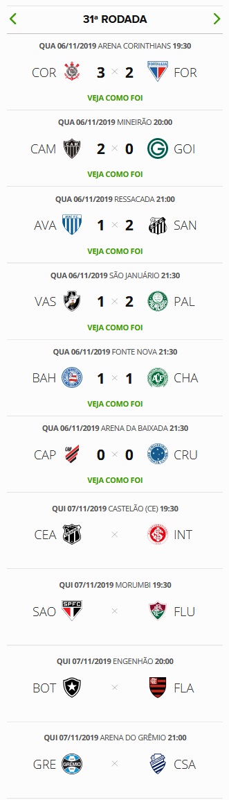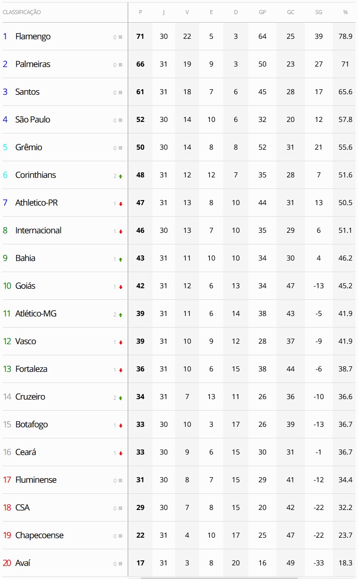 Com a derrota para o Palmeiras na noite de 4ª-feira, o Vasco perdeu uma posição e está agora em 12º lugar no Campeonato Brasileiro. Os 4 jogos restantes da 31ª rodada, que serão disputados nesta 5ª-feira, não mudarão a posição do Gigante da Colina.
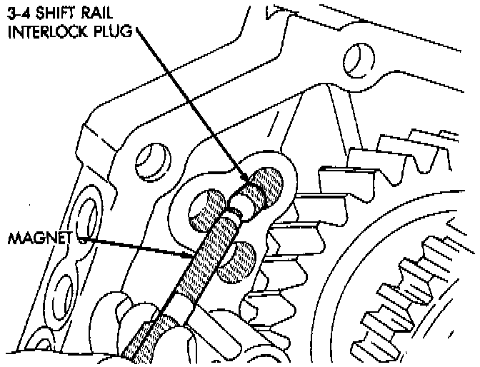 9. Coat 3-4 shift rail interlock plug with petroleum jelly and install plug in intermediate plate.
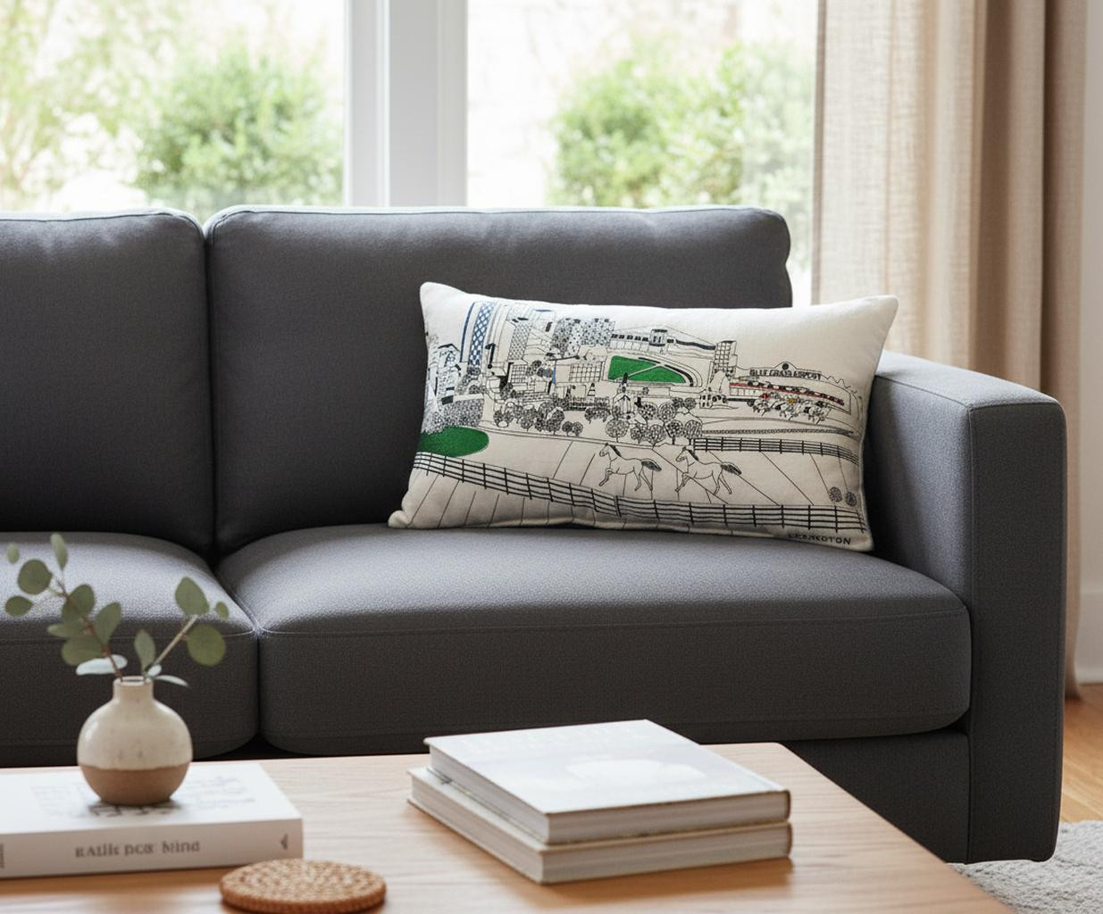 Showcase this famous city, with our Lexington Daylight Skyline Lumbar Decorative Pillow. The daylight view of Lexington, is picture perfect. The gorgeous art features many famous landmarks and references for this destination city, rendering a modern whimsical way to bring this iconic city to life. Made of a wool/nylon blend, this high quality stitched decorative pillow features embroidered artwork mixed with pops of color that highlight important and recognizable icons from this popular city. This pillow makes a great gift, decorative accent and conversation piece. 14.00-inch h x 24.00-inch w x 4.00-inch d.
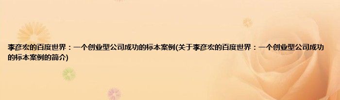 大家好,李彦宏的百度世界:一个创业型公司成功的标本案例,关于李彦宏的百度世界:一个创业型公司成功的标本案例的简介很多人还不知道,现在让我们一起来看看吧!
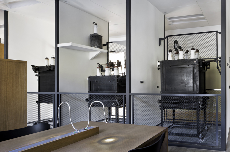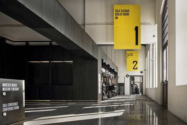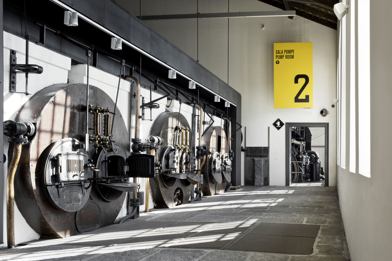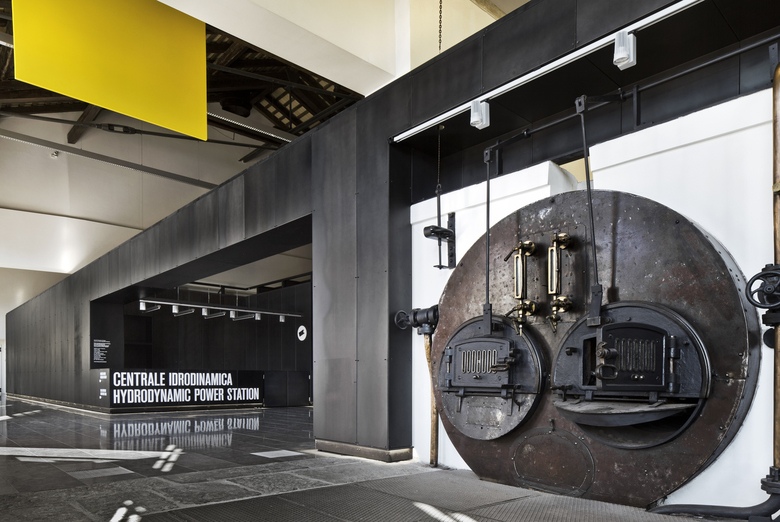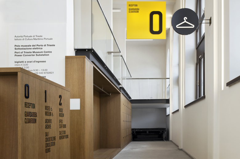 Inside the Old Port of Trieste the Port Authority established the museum center of the port inside two recovered buildings: the Hydrodynamic Power Station and the Power Converter Substation. The exhibition design of the Hydrodynamic Power Station is concentrated in the central area of the building setting a device made of metal frames and infill iron sheets painted. This device, recovering the spatiality original battery of boilers, sets several display case windows in the articulation of the thickness of the walls. Inside the Power Converter Substation a custom-designed fixed furniture in oak, re-proposes some spatial rules in close interaction with the existing elements of the building and the original seriality of the machinery housed therein, re – giving meaning to the spaces.
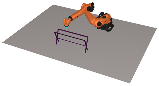 A robot grinding platform is established in the RoboDK simulation environment, as shown in
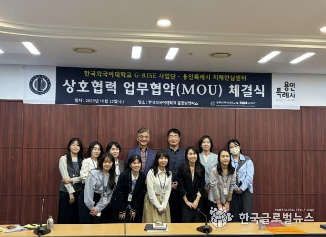 (한국글로벌뉴스 - 박소연 기자) 용인특례시 3개 구 보건소 치매안심센터는 지난 15일 한국외국어대학교RISE(지역혁신중심 대학지원체계)사업단과 지역사회 치매 관리를 위한 업무협약을 했다고 16일 밝혔다.
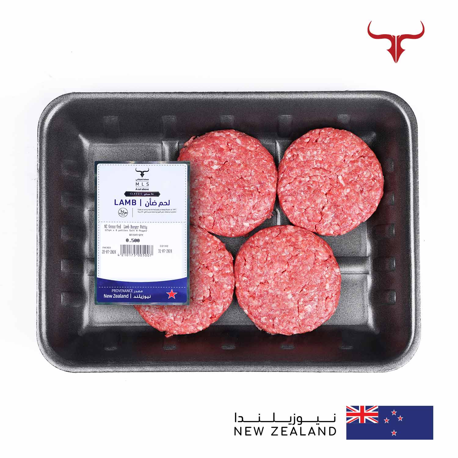 4 patties of 125 gm each of fresh lamb burgers from New Zealand Lamb.
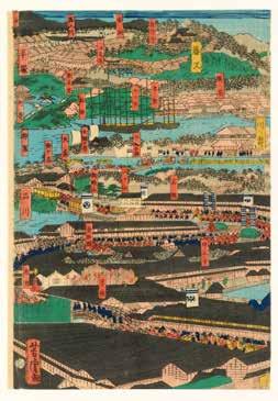 road space are disciplined, with people lined up on the sides.32 The print shows signs of having been hastily made, for example the varying colours of the labels of checkpoints along the Tōkaidō. These glitches point to the shapeshifting configuration of Japan’s landscape during the turbulent years that led up to the emperor’s move to the newly named Tokyo in 1868.
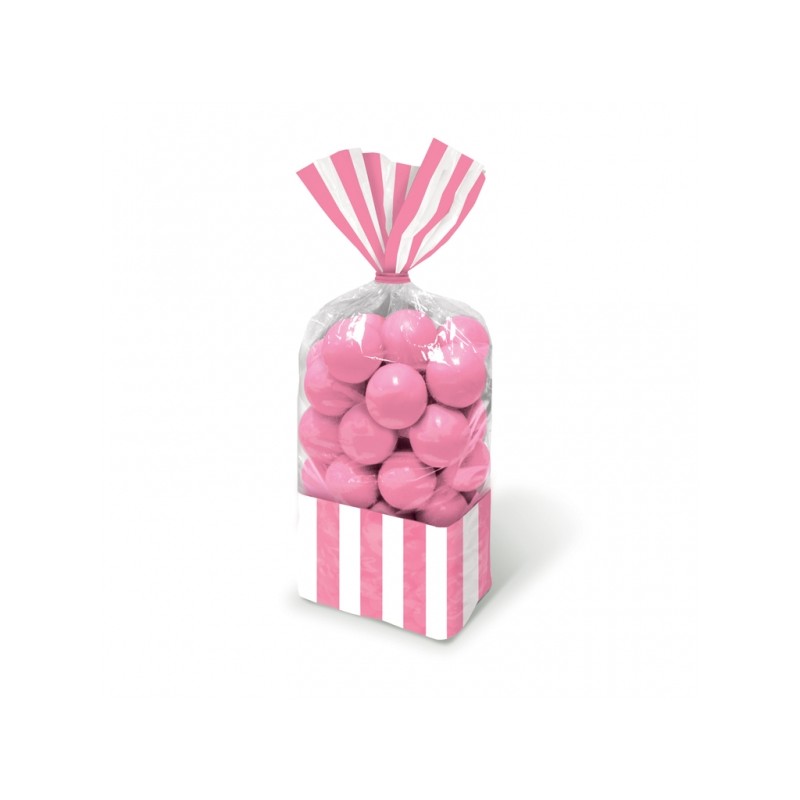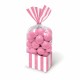 Striped Pink cellophane bags to be used as party bags on kids birthday parties. Includes twist ties for closure.
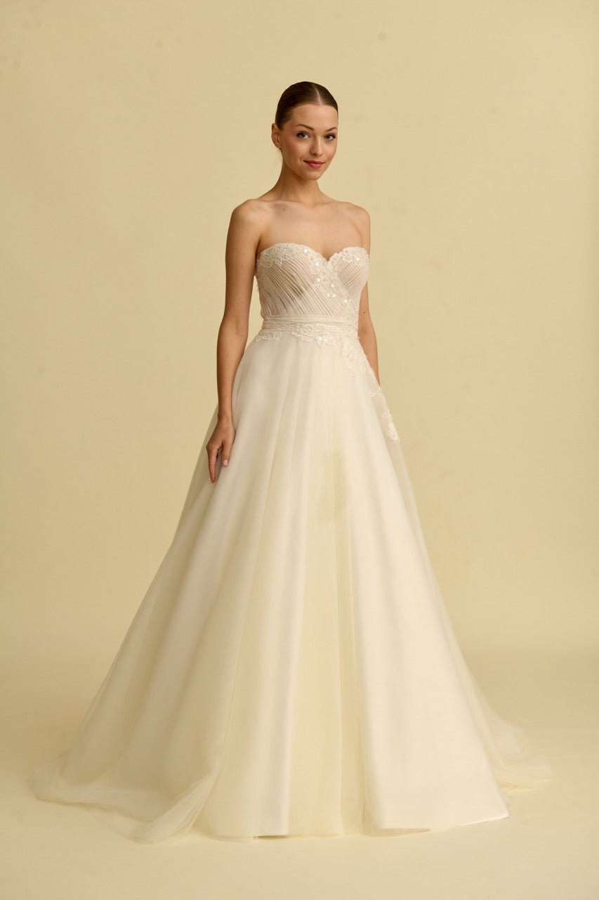 İncelikli zanaatiyle kabarık ve masalsı bir siluet sunan bu prenses model, dantelli detaylarıyla modern bir ihtişama sahip.
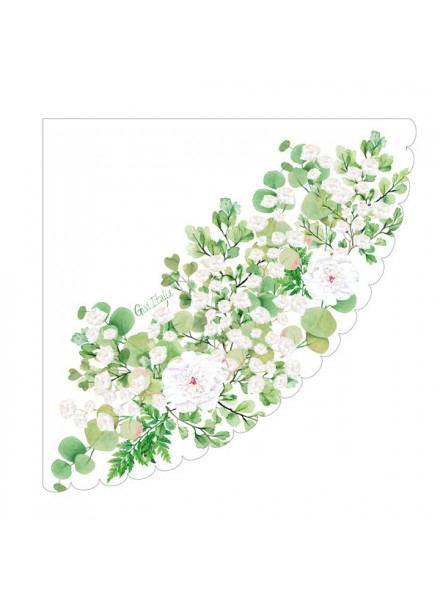 16 guardanapos de papel moldados, 33x33 cm, 3 folhas. O guardanapo Wedding Green, com seu formato arredondado, deixará sua mesa original e delicada. Perfeito para a mesa de casamento, mas não só... Este guardanapo da linha Lifestyle foi criado com o objetivo de tornar a sua mesa única. Os guardanapos são ecologicamente corretos: possuem a Certificação Aticelca e, portanto, são recicláveis com papel.

══════

▸ What the task requires:
The records are to be returned word for word, without any of their pictures.

▸ Answer:
 Com a derrota para o Palmeiras na noite de 4ª-feira, o Vasco perdeu uma posição e está agora em 12º lugar no Campeonato Brasileiro. Os 4 jogos restantes da 31ª rodada, que serão disputados nesta 5ª-feira, não mudarão a posição do Gigante da Colina.
 9. Coat 3-4 shift rail interlock plug with petroleum jelly and install plug in intermediate plate.
 Showcase this famous city, with our Lexington Daylight Skyline Lumbar Decorative Pillow. The daylight view of Lexington, is picture perfect. The gorgeous art features many famous landmarks and references for this destination city, rendering a modern whimsical way to bring this iconic city to life. Made of a wool/nylon blend, this high quality stitched decorative pillow features embroidered artwork mixed with pops of color that highlight important and recognizable icons from this popular city. This pillow makes a great gift, decorative accent and conversation piece. 14.00-inch h x 24.00-inch w x 4.00-inch d.
 大家好,李彦宏的百度世界:一个创业型公司成功的标本案例,关于李彦宏的百度世界:一个创业型公司成功的标本案例的简介很多人还不知道,现在让我们一起来看看吧!
 Inside the Old Port of Trieste the Port Authority established the museum center of the port inside two recovered buildings: the Hydrodynamic Power Station and the Power Converter Substation. The exhibition design of the Hydrodynamic Power Station is concentrated in the central area of the building setting a device made of metal frames and infill iron sheets painted. This device, recovering the spatiality original battery of boilers, sets several display case windows in the articulation of the thickness of the walls. Inside the Power Converter Substation a custom-designed fixed furniture in oak, re-proposes some spatial rules in close interaction with the existing elements of the building and the original seriality of the machinery housed therein, re – giving meaning to the spaces.
 A robot grinding platform is established in the RoboDK simulation environment, as shown in
 (한국글로벌뉴스 - 박소연 기자) 용인특례시 3개 구 보건소 치매안심센터는 지난 15일 한국외국어대학교RISE(지역혁신중심 대학지원체계)사업단과 지역사회 치매 관리를 위한 업무협약을 했다고 16일 밝혔다.
 4 patties of 125 gm each of fresh lamb burgers from New Zealand Lamb.
 road space are disciplined, with people lined up on the sides.32 The print shows signs of having been hastily made, for example the varying colours of the labels of checkpoints along the Tōkaidō. These glitches point to the shapeshifting configuration of Japan’s landscape during the turbulent years that led up to the emperor’s move to the newly named Tokyo in 1868.
 Striped Pink cellophane bags to be used as party bags on kids birthday parties. Includes twist ties for closure.
 İncelikli zanaatiyle kabarık ve masalsı bir siluet sunan bu prenses model, dantelli detaylarıyla modern bir ihtişama sahip.
 16 guardanapos de papel moldados, 33x33 cm, 3 folhas. O guardanapo Wedding Green, com seu formato arredondado, deixará sua mesa original e delicada. Perfeito para a mesa de casamento, mas não só... Este guardanapo da linha Lifestyle foi criado com o objetivo de tornar a sua mesa única. Os guardanapos são ecologicamente corretos: possuem a Certificação Aticelca e, portanto, são recicláveis com papel.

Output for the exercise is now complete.